The company said that the administration deciding which users get initial access to AI models should not ‘become the long-term default.’
Artificial intelligence (AI) giant OpenAI announced on June 26 the preview release of its new class of models, which, for the time being, will be limited to a small group of users approved by the Trump administration.
The ChatGPT-maker is launching a limited preview of Sol, Terra, and Luna under the banner of GPT-5.6. OpenAI explained that Sol is the firm’s new flagship model, while Terra is balanced for “everyday work” and Luna is its “fast and affordable model.”
For now, the models will be available only to a small group of partners approved by the executive branch after a request from the Trump administration following conversations with government officials, OpenAI said. The company will continue testing the models during the preview while pushing for a broader release.
“We don’t believe this kind of government access process should become the long-term default.

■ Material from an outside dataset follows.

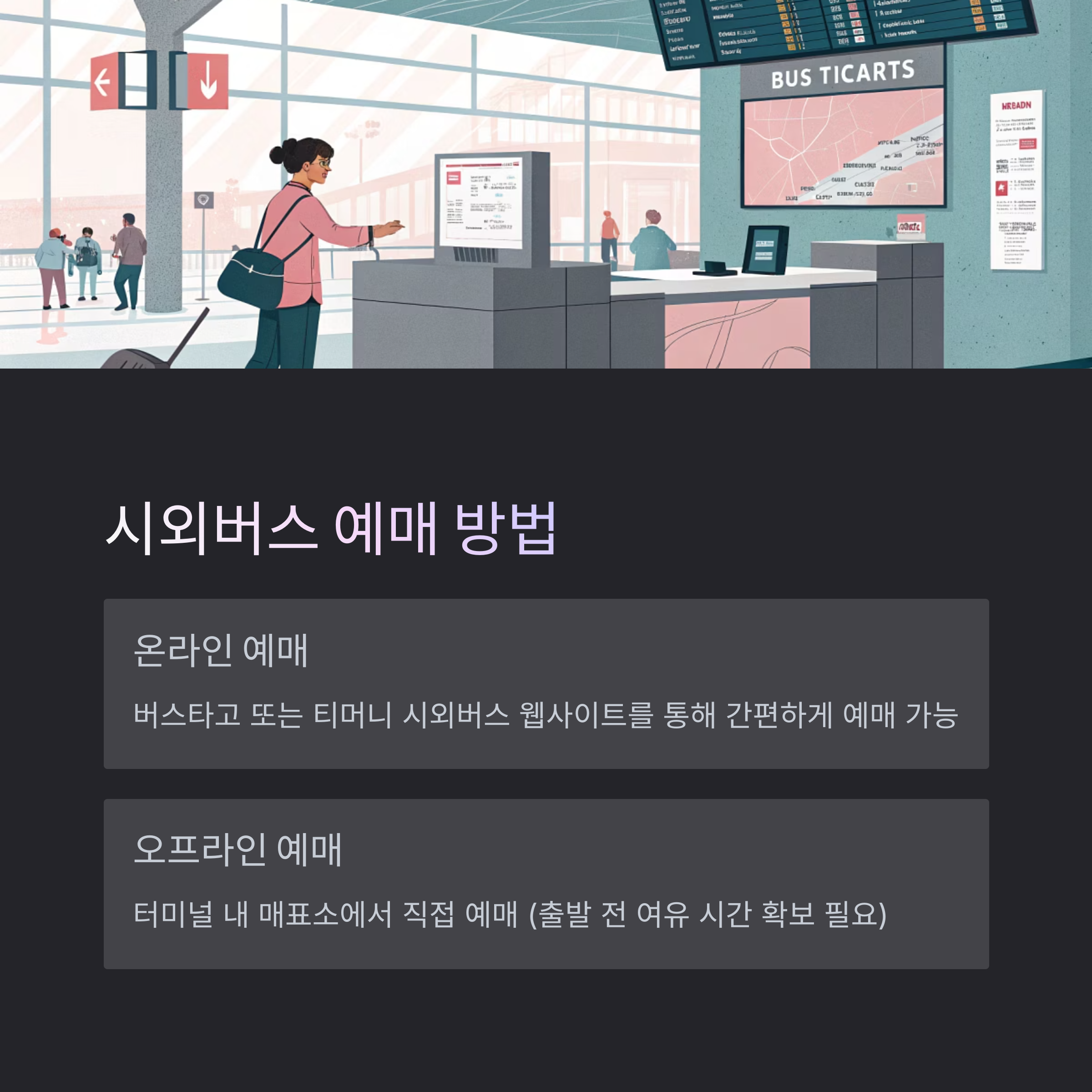 - 오프라인 예매: 터미널 내 매표소에서 직접 예매하실 수 있습니다. 출발 시간 전에 여유를 두고 방문하시기 바랍니다.

It keeps the best tools from users, developers, enterprises, cyber defenders, and global partners who need them,” OpenAI said in a press release.
“We are taking this short-term step because we believe it is the strongest path to broader availability in the coming weeks, while we work with the Administration to develop the cyber Executive Order framework and a repeatable process for future model releases.”
The announcement comes just weeks after competitor Anthropic initially released its new flagship Claude Fable 5 and Claude Mythos 5 models. In April, Anthropic cooperated with the Trump administration in a preview release of Mythos to a select group of cybersecurity testers and critical infrastructure partners.
Then on June 12, the Trump administration ordered Anthropic to ban all foreign nationals—both inside and outside the United States—from accessing the two models. Anthropic then banned access to all users.
Both models are unavailable for the time being.
President Donald Trump said he found the action responsible, and claimed one of Anthropic’s competitors, which he didn’t name, flagged Fable 5 to his team.
In a statement at the time, Anthropic said, “Our understanding is that the government believes it has become aware of a method of bypassing, or ‘jailbreaking’ Fable 5.”